__Work to be completed__: Dropping every picture, set down exactly the lines in the entries below, starting with the line with "一望无际的斜茎黄芪像大自然写的散文诗,引来众多游客打卡拍照" and going on through the line with "奥様をご病気で亡くされ,シン".

__Supplied data__:

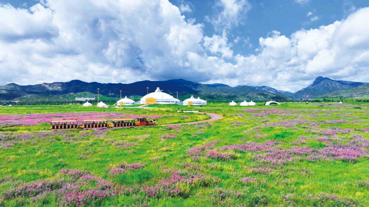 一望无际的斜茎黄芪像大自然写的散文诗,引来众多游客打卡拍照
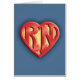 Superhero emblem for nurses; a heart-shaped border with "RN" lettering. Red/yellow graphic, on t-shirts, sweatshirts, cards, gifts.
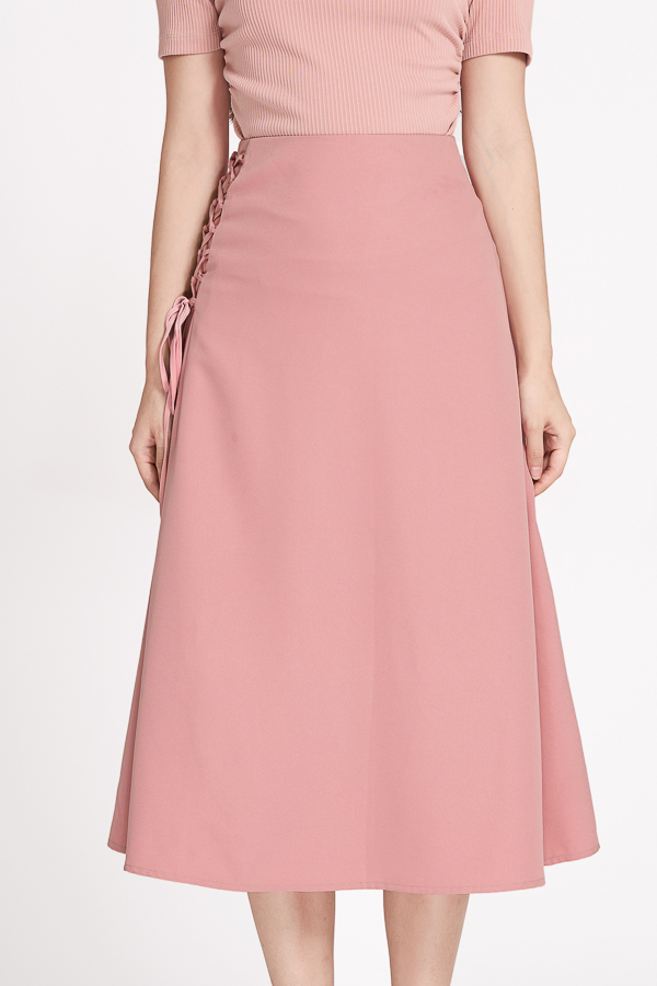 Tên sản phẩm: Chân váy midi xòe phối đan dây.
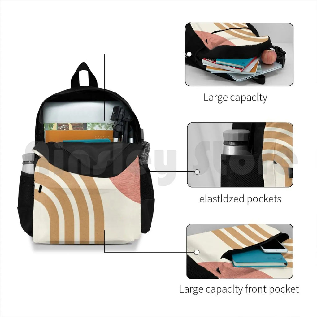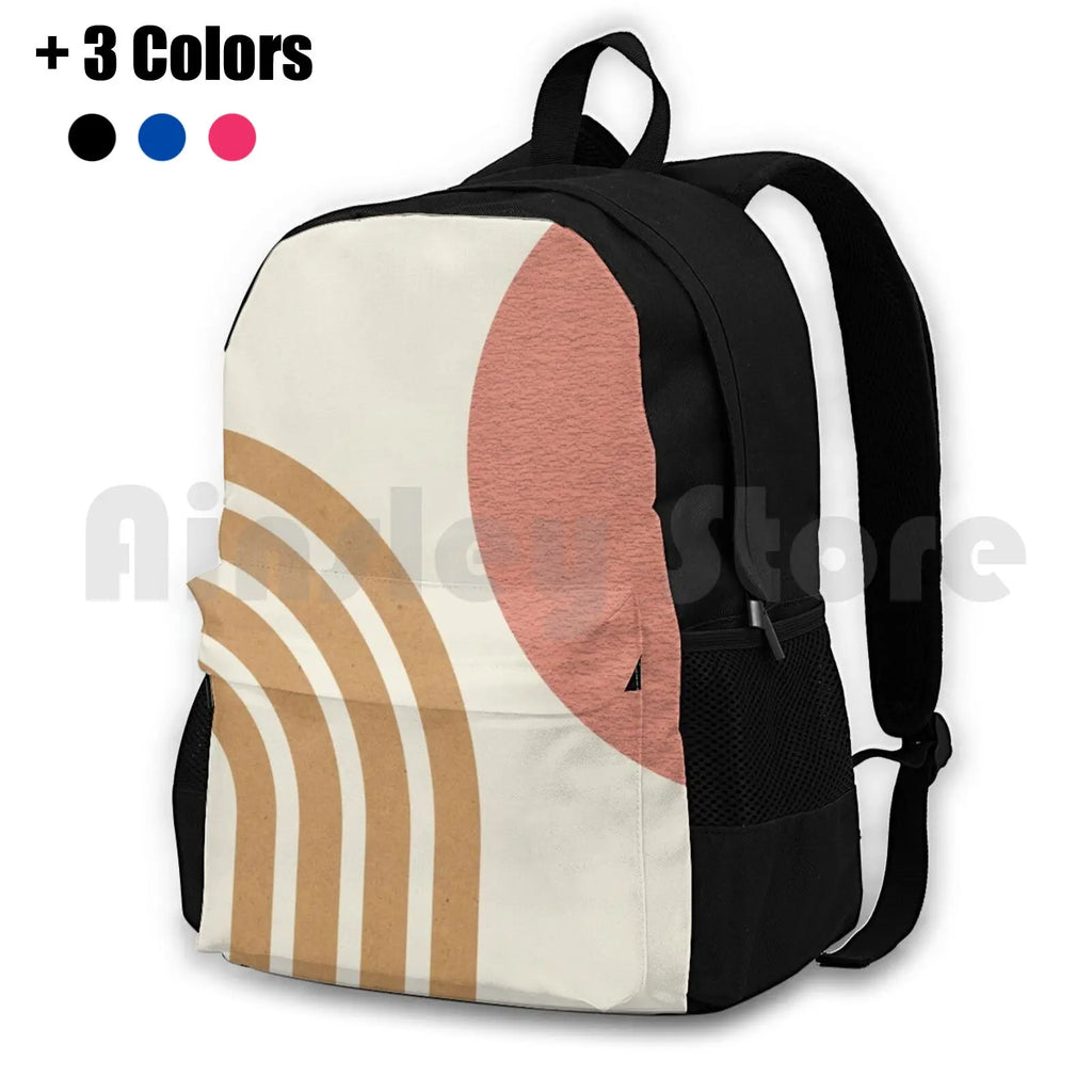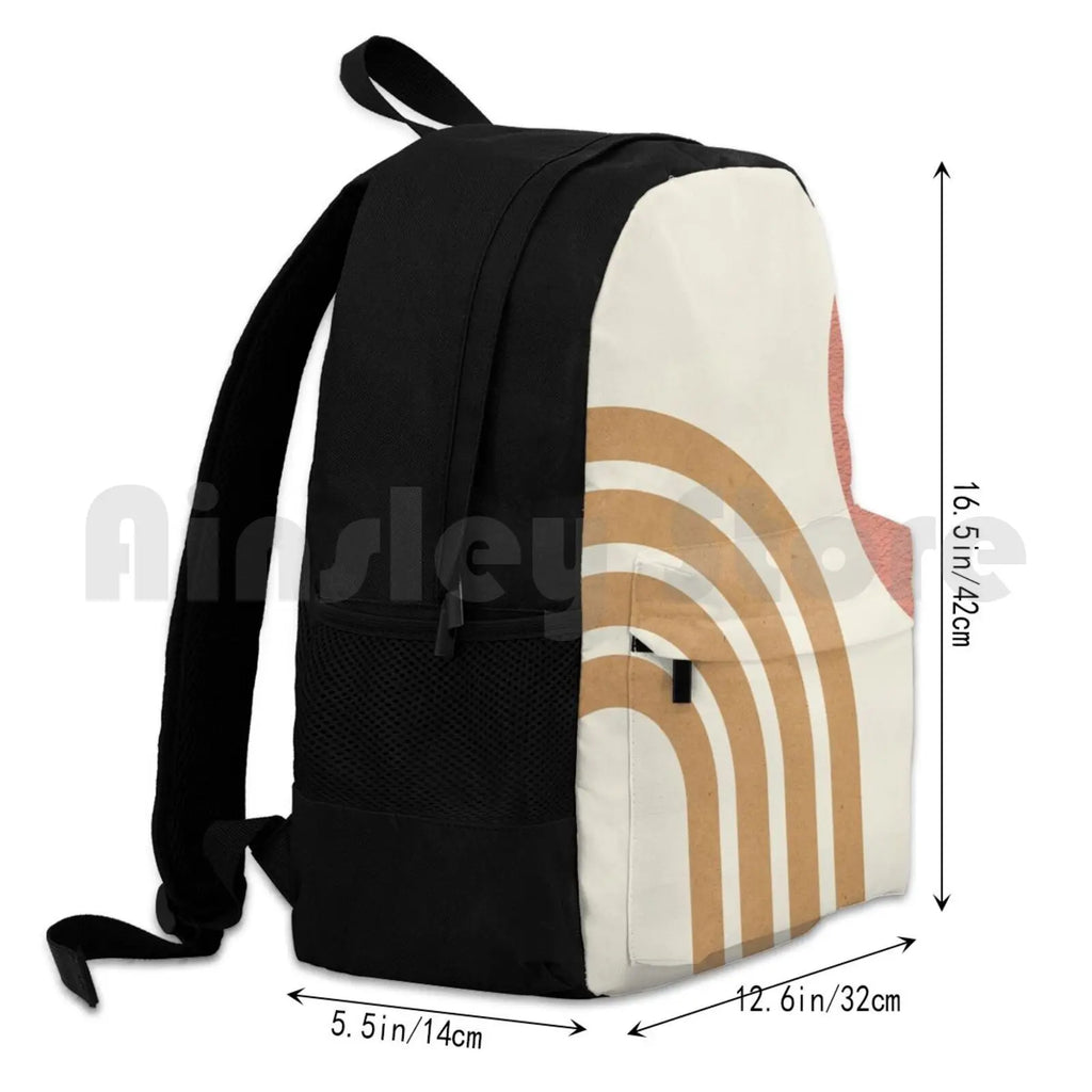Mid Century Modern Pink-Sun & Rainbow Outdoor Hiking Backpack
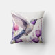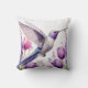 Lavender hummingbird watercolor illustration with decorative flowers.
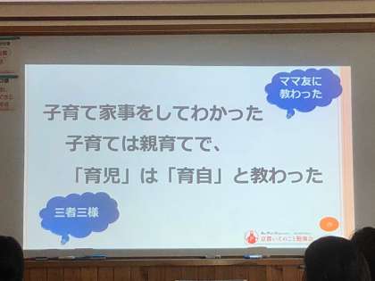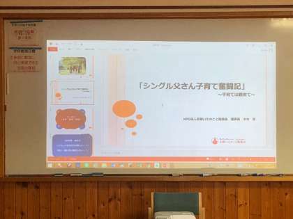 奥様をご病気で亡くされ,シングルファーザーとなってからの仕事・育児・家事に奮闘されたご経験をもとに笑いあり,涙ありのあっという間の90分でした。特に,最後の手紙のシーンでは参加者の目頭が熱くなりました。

==

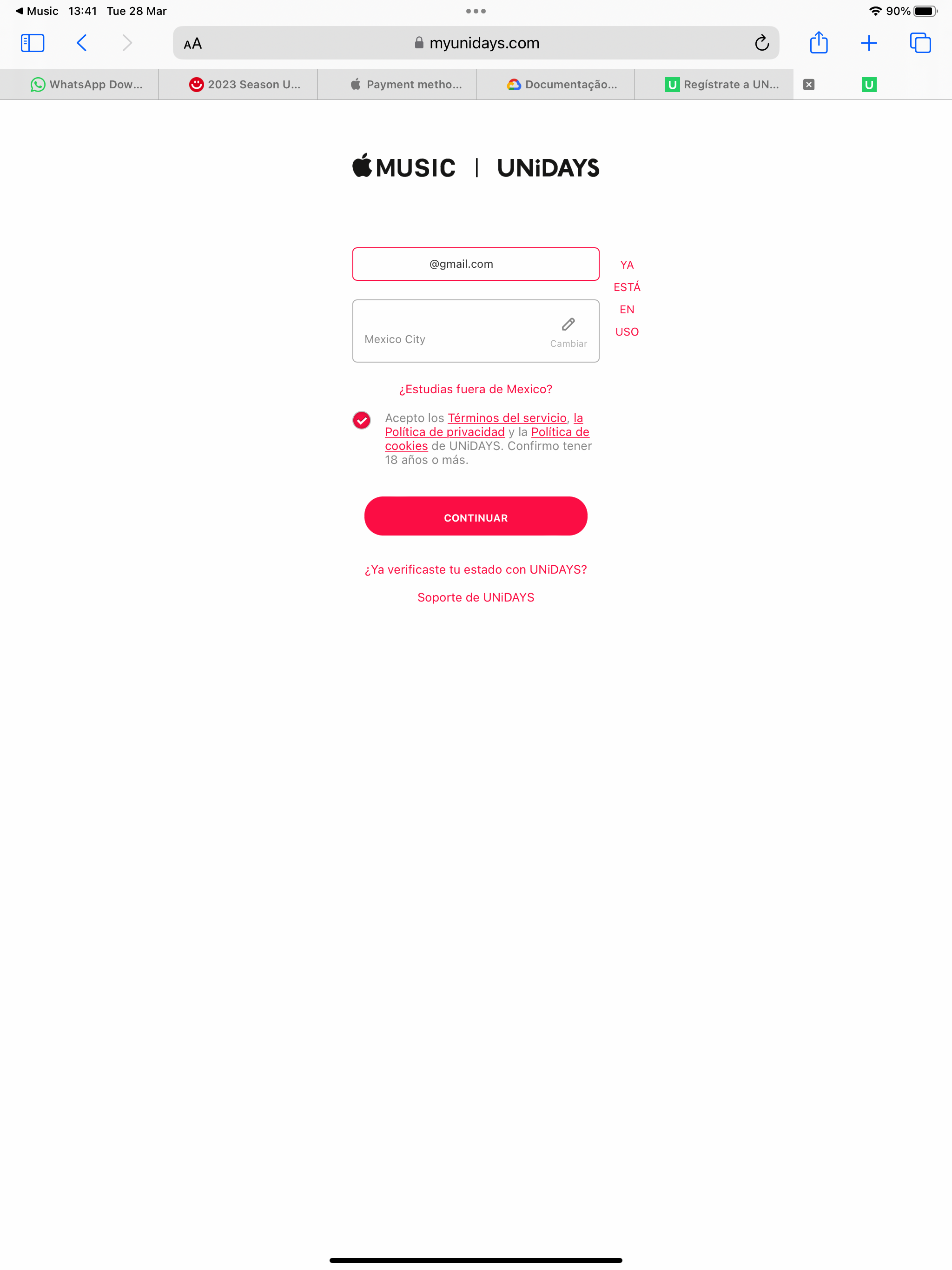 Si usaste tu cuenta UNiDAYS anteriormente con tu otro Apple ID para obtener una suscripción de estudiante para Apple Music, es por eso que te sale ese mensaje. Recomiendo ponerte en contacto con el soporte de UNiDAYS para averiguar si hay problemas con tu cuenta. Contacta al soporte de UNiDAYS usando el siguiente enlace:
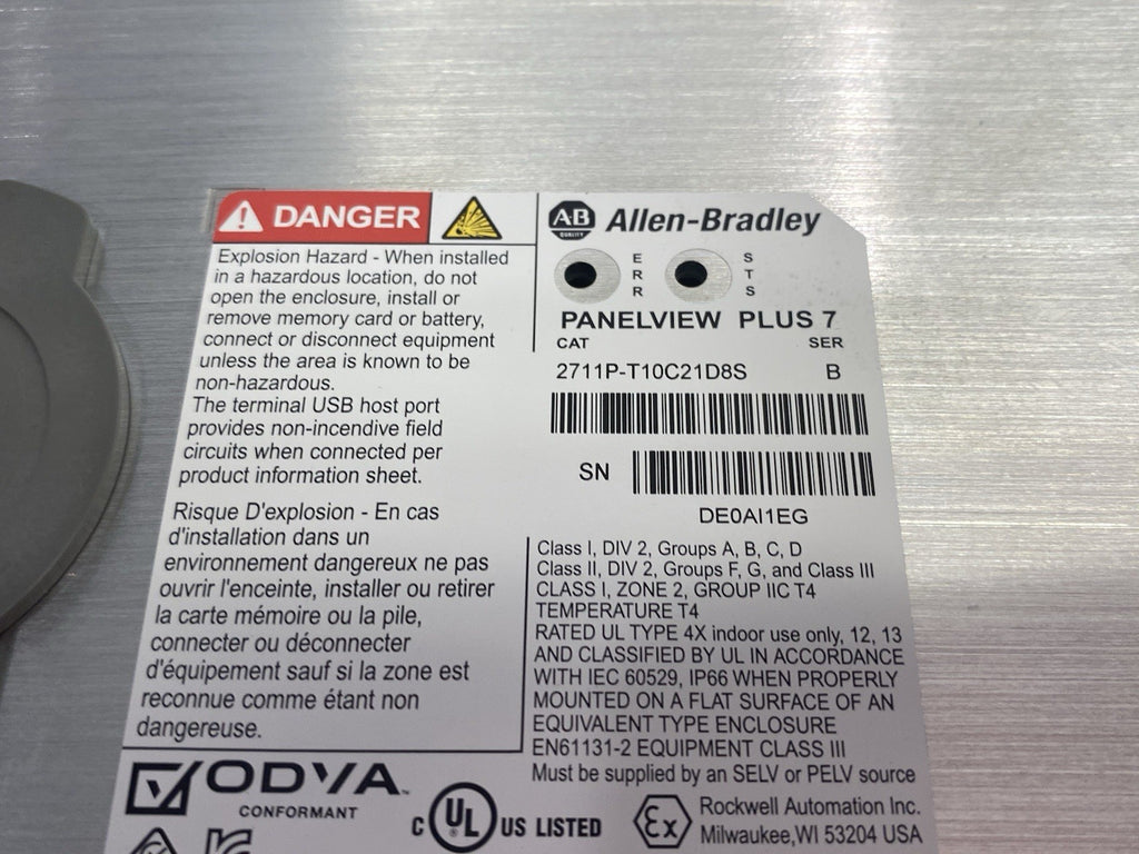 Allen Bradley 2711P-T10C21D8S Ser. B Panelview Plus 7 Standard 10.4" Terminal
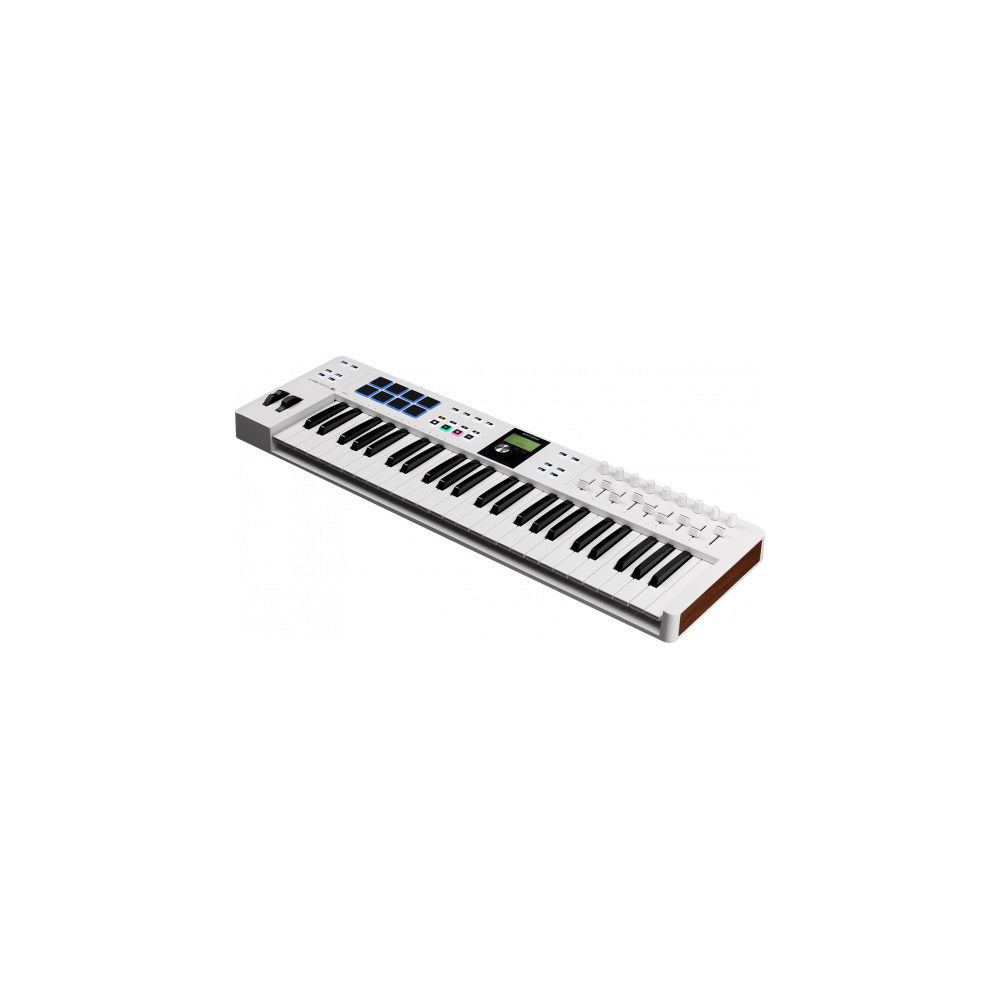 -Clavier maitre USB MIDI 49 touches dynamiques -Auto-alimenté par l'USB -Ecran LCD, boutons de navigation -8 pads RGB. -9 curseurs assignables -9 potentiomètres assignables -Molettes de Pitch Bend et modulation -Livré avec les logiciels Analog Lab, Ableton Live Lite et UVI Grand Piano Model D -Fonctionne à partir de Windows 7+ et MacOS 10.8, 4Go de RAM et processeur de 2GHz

---

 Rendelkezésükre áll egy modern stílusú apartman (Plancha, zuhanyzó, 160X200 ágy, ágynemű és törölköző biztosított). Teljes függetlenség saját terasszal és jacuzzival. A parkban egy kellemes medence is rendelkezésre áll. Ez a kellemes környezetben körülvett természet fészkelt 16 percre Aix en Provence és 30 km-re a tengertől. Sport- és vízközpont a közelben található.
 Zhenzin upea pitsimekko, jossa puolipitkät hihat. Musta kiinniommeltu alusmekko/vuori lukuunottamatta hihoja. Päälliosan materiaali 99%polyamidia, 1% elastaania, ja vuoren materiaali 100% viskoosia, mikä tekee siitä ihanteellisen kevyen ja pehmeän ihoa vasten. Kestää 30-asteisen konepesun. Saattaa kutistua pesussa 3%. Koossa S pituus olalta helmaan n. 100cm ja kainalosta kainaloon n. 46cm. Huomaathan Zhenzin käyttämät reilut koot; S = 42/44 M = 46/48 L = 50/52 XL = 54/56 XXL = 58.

__Solved exercise__:
 一望无际的斜茎黄芪像大自然写的散文诗,引来众多游客打卡拍照
 Superhero emblem for nurses; a heart-shaped border with "RN" lettering. Red/yellow graphic, on t-shirts, sweatshirts, cards, gifts.
 Tên sản phẩm: Chân váy midi xòe phối đan dây.
Mid Century Modern Pink-Sun & Rainbow Outdoor Hiking Backpack
 Lavender hummingbird watercolor illustration with decorative flowers.
 奥様をご病気で亡くされ,シングルファーザーとなってからの仕事・育児・家事に奮闘されたご経験をもとに笑いあり,涙ありのあっという間の90分でした。特に,最後の手紙のシーンでは参加者の目頭が熱くなりました。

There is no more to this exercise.